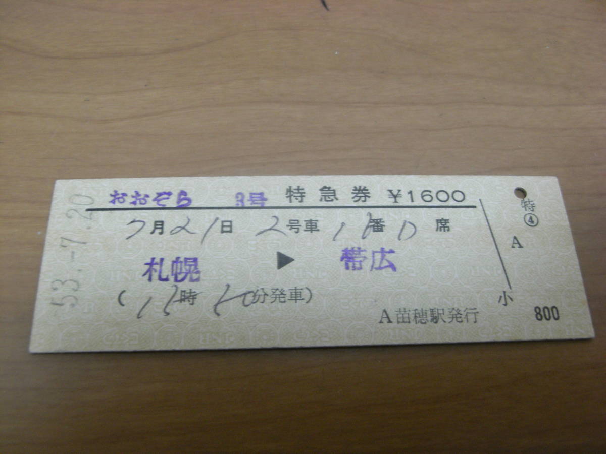 - おおぞら3号 特急券 札幌→帯広 昭和53年7月20日発行 苗穂駅発行
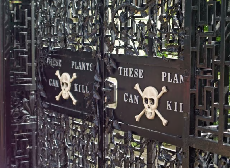 From Now I Know: "The aptly named Poison Garden at Alnwick Castle in England is filled exclusively with around 100 toxic, intoxicating, and narcotic plants. The boundaries of the Poison Garden are kept behind black iron gates, only open on guided tours. Visitors are strictly prohibited from smelling, touching, or tasting any plants. There are plenty of tours — every 30 minutes while the garden is open to the public — and to date, no one has died while traversing its grounds, despite the ominous warning on the gates. But that’s not because the warning is wrong. The most poisonous plant is ricin, better known as the castor bean or castor oil plant, which the Guinness Book of World Records considers that to be the world's most poisonous plant. And there’s the laburnum tree, the second-most poisonous tree in the UK after the yew. The tree is so poisonous that if one of the branches was to fall to the floor, lay there for several months and a dog picks it up to hold as a stick, chances are the dog won't finish the walk."
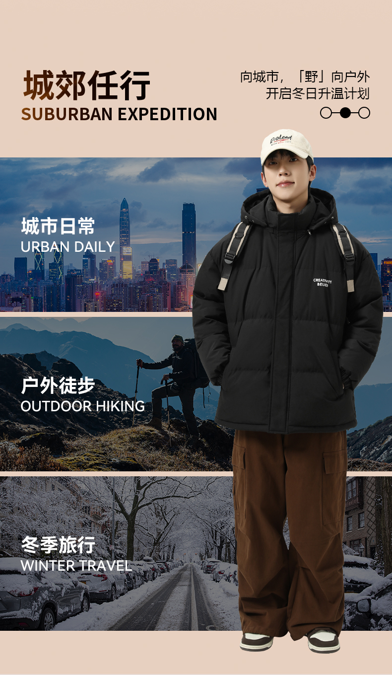 Pull-Back Cotton Coat for Men, New Winter Style, Hooded Puffer Jacket, Thickened for Warmth and Cold Protection, Winter Clothing, down Cotton Jacket
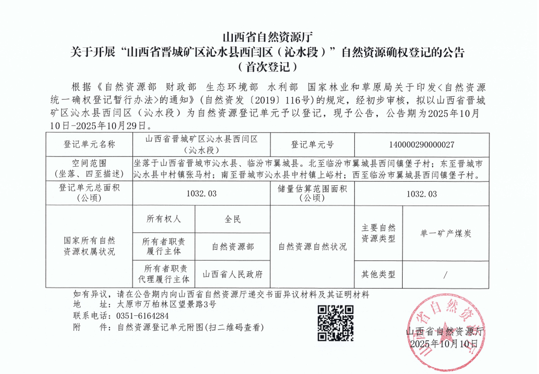 山西省自然资源厅关于开展“山西省晋城矿区沁水县西闫区(沁水段)”自然资源确权登记的公告(首次登记)
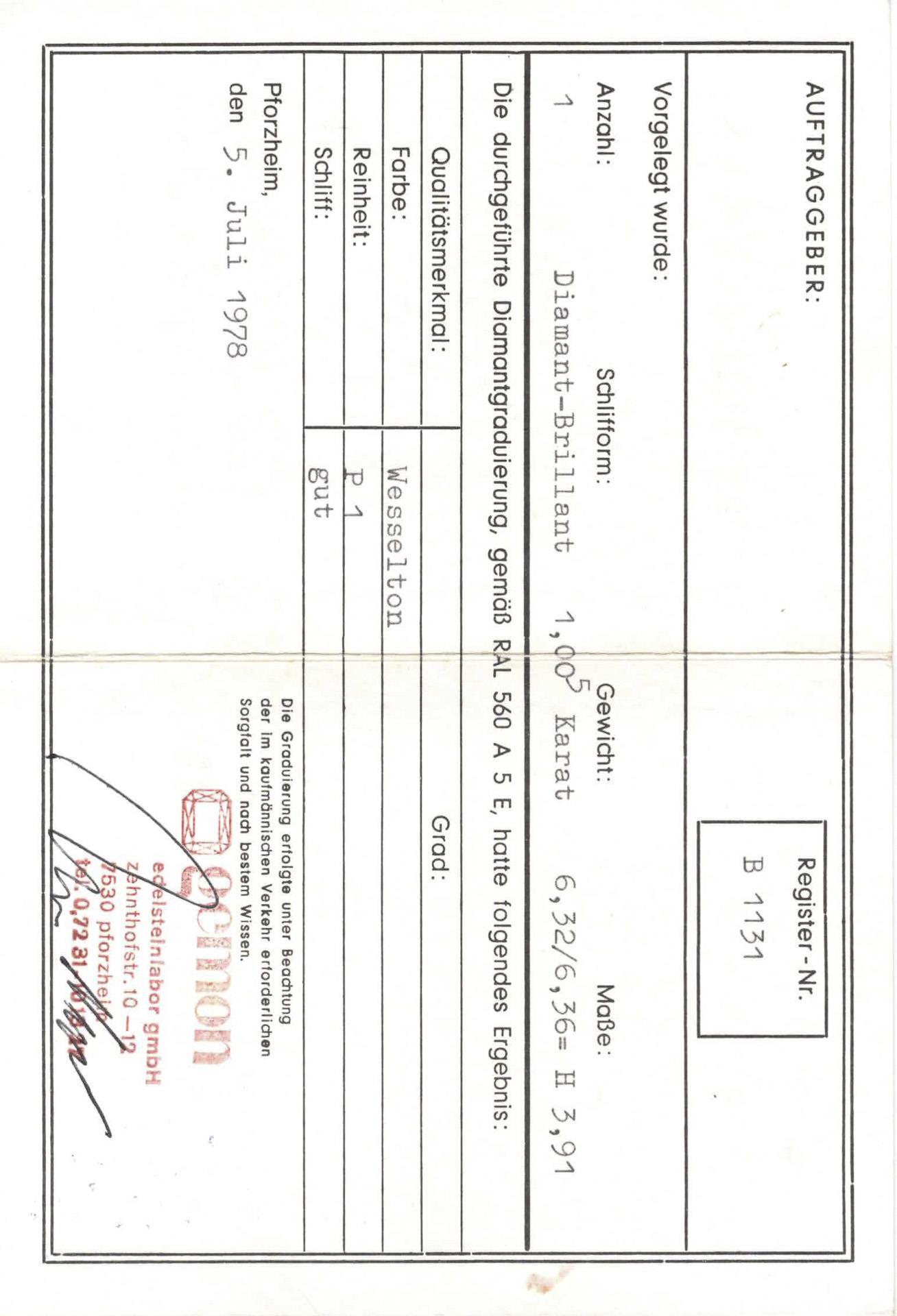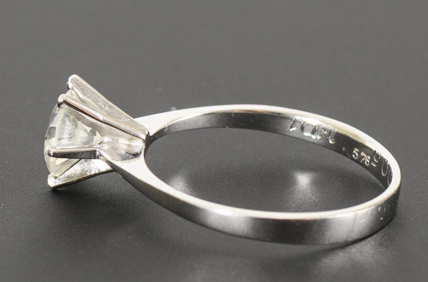 Weißgold 585 gestempelt. Ringgröße 54, der Brillant laut Gravur und Gutachten 1,005 ct, Farbe weiß/PI. 1,9 g.

- **Exercise**
Copy out the data above exactly, except the pictures.

- **Answer area**
 - おおぞら3号 特急券 札幌→帯広 昭和53年7月20日発行 苗穂駅発行
 From Now I Know: "The aptly named Poison Garden at Alnwick Castle in England is filled exclusively with around 100 toxic, intoxicating, and narcotic plants. The boundaries of the Poison Garden are kept behind black iron gates, only open on guided tours. Visitors are strictly prohibited from smelling, touching, or tasting any plants. There are plenty of tours — every 30 minutes while the garden is open to the public — and to date, no one has died while traversing its grounds, despite the ominous warning on the gates. But that’s not because the warning is wrong. The most poisonous plant is ricin, better known as the castor bean or castor oil plant, which the Guinness Book of World Records considers that to be the world's most poisonous plant. And there’s the laburnum tree, the second-most poisonous tree in the UK after the yew. The tree is so poisonous that if one of the branches was to fall to the floor, lay there for several months and a dog picks it up to hold as a stick, chances are the dog won't finish the walk."
 Pull-Back Cotton Coat for Men, New Winter Style, Hooded Puffer Jacket, Thickened for Warmth and Cold Protection, Winter Clothing, down Cotton Jacket
 山西省自然资源厅关于开展“山西省晋城矿区沁水县西闫区(沁水段)”自然资源确权登记的公告(首次登记)
 Weißgold 585 gestempelt. Ringgröße 54, der Brillant laut Gravur und Gutachten 1,005 ct, Farbe weiß/PI. 1,9 g.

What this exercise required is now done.